| Title: | ROC-Optimizing Binary Classifiers |
| Version: | 0.1.3 |
| Description: | Implements ROC (Receiver Operating Characteristic)–Optimizing Binary Classifiers, supporting both linear and kernel models. Both model types provide a variety of surrogate loss functions. In addition, linear models offer multiple regularization penalties, whereas kernel models support a range of kernel functions. Scalability for large datasets is achieved through approximation-based options, which accelerate training and make fitting feasible on large data. Utilities are provided for model training, prediction, and cross-validation. The implementation builds on the ROC-Optimizing Support Vector Machines. For more information, see Hernàndez-Orallo, José, et al. (2004) <doi:10.1145/1046456.1046489>, presented in the ROC Analysis in AI Workshop (ROCAI-2004). |
| License: | MIT + file LICENSE |
| Encoding: | UTF-8 |
| Imports: | stats, graphics, utils, ggplot2, fastDummies, kernlab, pracma, rsample, dplyr, caret |
| RoxygenNote: | 7.3.2 |
| Suggests: | mlbench, knitr, rmarkdown, testthat (≥ 3.0.0) |
| Config/testthat/edition: | 3 |
| VignetteBuilder: | knitr |
| URL: | https://github.com/gimunBae/roclab |
| BugReports: | https://github.com/gimunBae/roclab/issues |
| NeedsCompilation: | no |
| Packaged: | 2025-10-23 03:43:18 UTC; bgd55 |
| Author: | Gimun Bae [aut, cre], Seung Jun Shin [aut] |
| Maintainer: | Gimun Bae <gimunbae0201@gmail.com> |
| Repository: | CRAN |
| Date/Publication: | 2025-10-28 08:20:02 UTC |
utils-internal.R - Internal utilities for ROC-SVM
Description
These helper functions are used only inside the package (not exported). They handle pairwise difference construction, Adamax-based optimization, proximal updates for penalties, intercept estimation, and lambda max.
Usage
X.func.complete(X.plus, X.minus)
Generic function for AUC
Description
Compute AUC (Area Under the ROC Curve) for a fitted model.

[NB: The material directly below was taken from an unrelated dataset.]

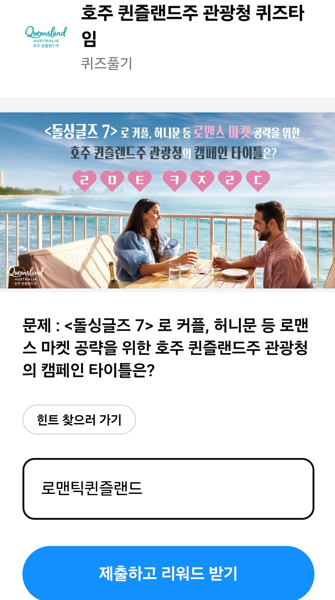 - 문제:문제 : <돌싱글즈 7>로 커플, 허니문 등 로맨 스 마켓 공략을 위한 호주 퀸즐랜드주 관광청 의 캠페인 타이틀은?
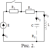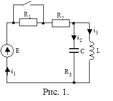 Задача . Дана электрическая цепь, в которой происходит коммутация (Рис. 1). В цепи действует постоянная ЭДС Е . Требуется определить закон изменения во времени токов и напряжений после коммутации в ветвях схемы.

Dispatches to class-specific methods such as auc.roclearn.
Usage
auc(object, ...)
Arguments
object |
A fitted model object. |
... |
Additional arguments passed to methods. |
Value
Numeric scalar: estimated AUC.
Compute AUC for a fitted kernel model
Description
Estimate the AUC (Area Under the ROC Curve) for a fitted kernel model on new data.
Usage
## S3 method for class 'kroclearn'
auc(object, newdata, y, ...)
Arguments
object |
A fitted model object of class |
newdata |
A matrix or data.frame of test predictors. Must have the same structure as the training data (categorical variables are dummy-aligned automatically). |
y |
Response vector of test labels ({-1, 1} or convertible). |
... |
Not used. |
Value
A numeric scalar giving the estimated AUC.
Examples
set.seed(123)
n_train <- 100
r_train <- sqrt(runif(n_train, 0.05, 1))
theta_train <- runif(n_train, 0, 2*pi)
X_train <- cbind(r_train * cos(theta_train), r_train * sin(theta_train))
y_train <- ifelse(r_train < 0.5, 1, -1)
n_test <- 10
r_test <- sqrt(runif(n_test, 0.05, 1))
theta_test <- runif(n_test, 0, 2*pi)
X_test <- cbind(r_test * cos(theta_test), r_test * sin(theta_test))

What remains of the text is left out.